While the individual priority of the gpu_requeue jobs is higher than the one in seas_gpu, seas_gpu has a partition priority that is higher than gpu_requeue and thus should preempt regardless of the individual job priority. I don't see anything perse that would preclude preemption the gpu_requeue job. I tried dialing up the Backfill debugging info but it didn't give me any more details as to why those specific nodes could not be use other than they were busy.

Any insight into why this is happening would be appreciated. This could be a weird edge case in the scheduler that needs to be remediated.

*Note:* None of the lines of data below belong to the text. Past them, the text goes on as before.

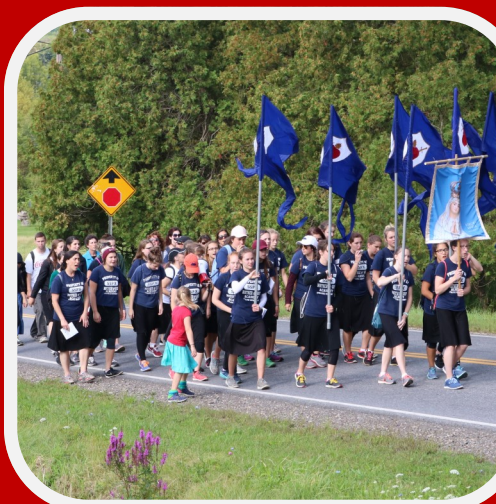
The High School Girls chapter ascending the hill at Auriesville.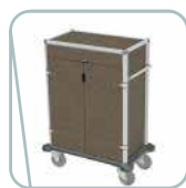
Amenities drawer and doors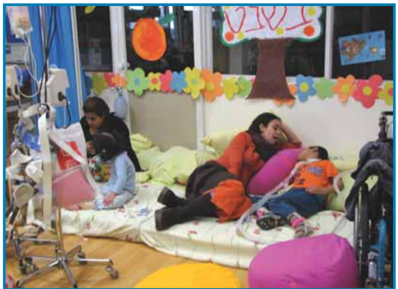
Heart to heart conversations and quiet activities during “resting time”.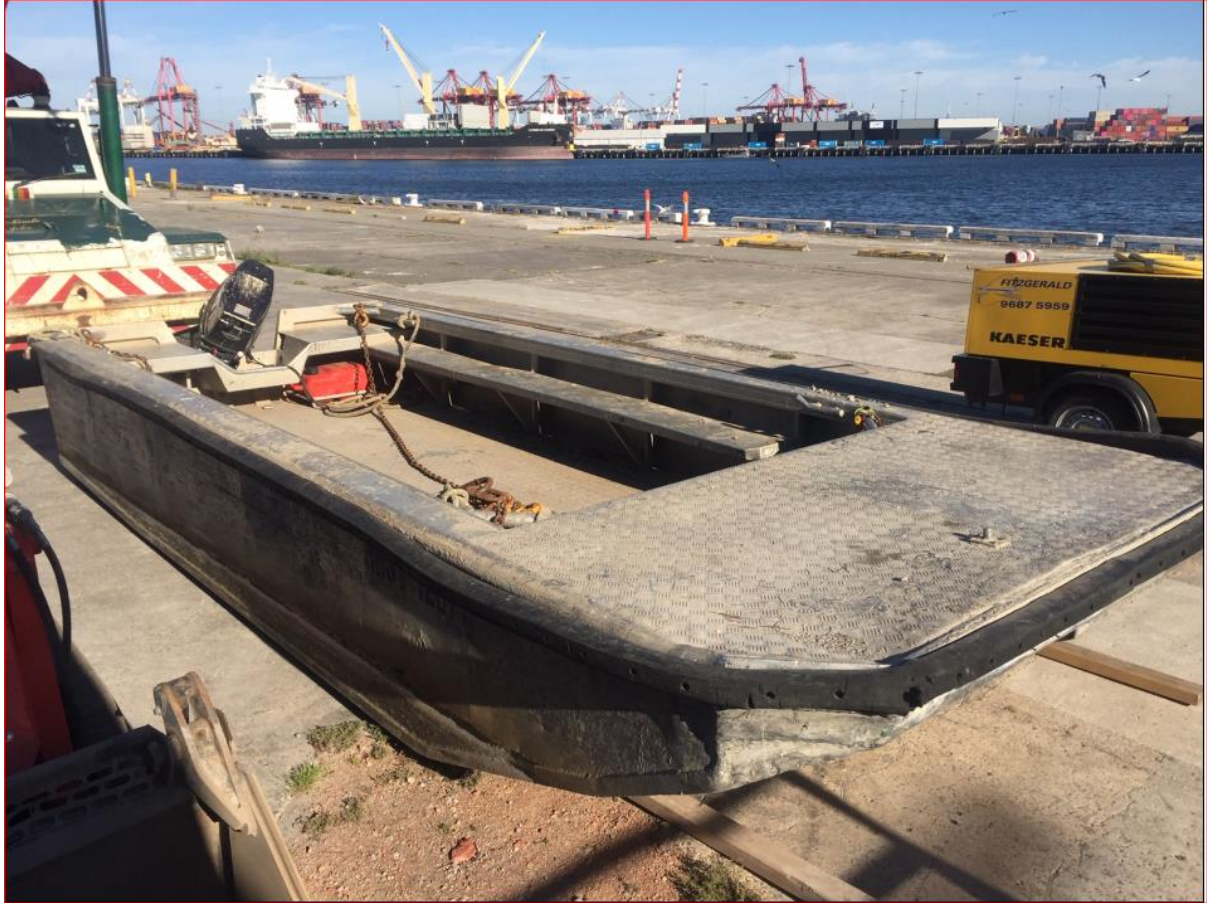
Work Boat 2.5m x 5m

This notice is a direction of the Harbour Master pursuant to section 232 of the Marine Safety Act 2010 (Vic) The requirements of section 232(2) have been taken into account.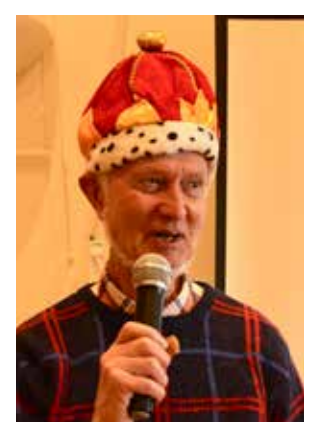
Our president celebrates the platinum jubilee at the June meeting. (That's the Queen's jubilee – not his!)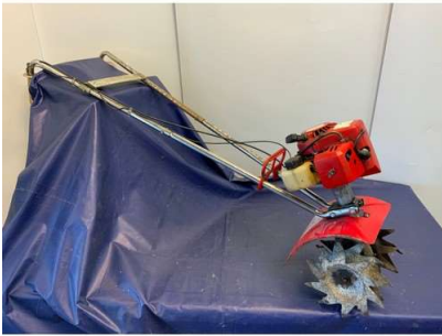
114. M - MANTIS PETROL CULTIVATOR COST NEW APPROX £550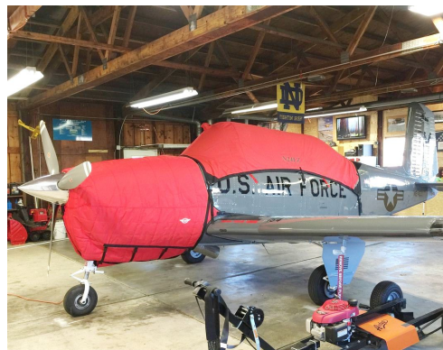
Beech T34 Mentor Canopy Cover, Insulated Engine Cover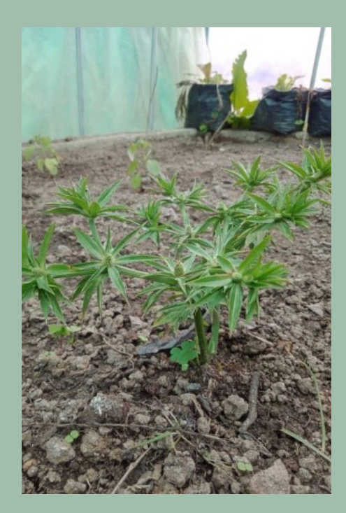
Figure 8: Culantro, MAP, Yusipang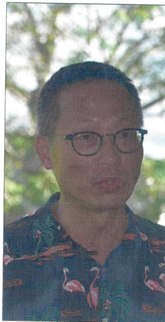
Republic of China (ROC), Taiwan Ambassador, Oliver Liao.

Liao said the cultural exchange brings the youths of Solomon Islands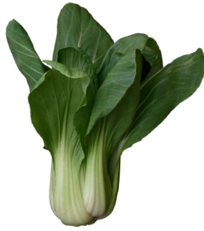
Pak Choy or Baby Pak Choy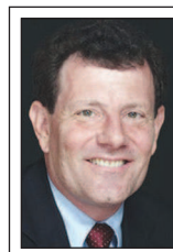
NICHOLAS KRISTOF Comment

There's still plenty we don't know and lots of uncertainty about the future. But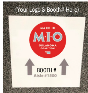
Vinyl Floor Graphic

Comment 1 Paul Edmon 2025-03-24 07:49:59 MDT

Created attachment 41238 [details]
Current slurm.conf

Comment 2 Paul Edmon 2025-03-24 07:50:14 MDT

Created attachment 41239 [details]
Current topology.conf

Comment 3 Will Shanks 2025-03-24 11:01:02 MDT

Hello Paul,

I'm still digging through all of the info you have already given, but would it be possible to get the slurmd log for the "busy" node the seas_gpu job won't run on too? Looks like it is holygpu8a18104.

-- Will

Comment 4 Paul Edmon 2025-03-24 11:07:29 MDT

Created attachment 41240 [details]
slurmd log for holygpu8a18104 for 03-24-25 9-10am

Comment 5 Paul Edmon 2025-03-24 11:08:10 MDT

Yup, I've attached it for the hour around that log snippet. Happy to 
pull more.

-Paul Edmon-

On 3/24/2025 1:01 PM, bugs@schedmd.com wrote:
>
> *Comment # 3 <https://support.schedmd.com/show_bug.cgi?id=22421#c3> on 
> ticket 22421 <https://support.schedmd.com/show_bug.cgi?id=22421> from 
> Will Shanks <mailto:will@schedmd.com> *
> Hello Paul,
>
> I'm still digging through all of the info you have already given, but would it
> be possible to get the slurmd log for the "busy" node the seas_gpu job won't
> run on too? Looks like it is holygpu8a18104.
>
> -- Will
> ------------------------------------------------------------------------
> You are receiving this mail because:
>
>   * You reported the ticket.
>

Comment 6 Will Shanks 2025-03-24 12:25:27 MDT

Thank you for the logs. On a first pass it looks like you have a lot of errors related to AcctGatherInterconnectType[1] in your slurm.conf, but I expect that is probably unrelated to the current issue.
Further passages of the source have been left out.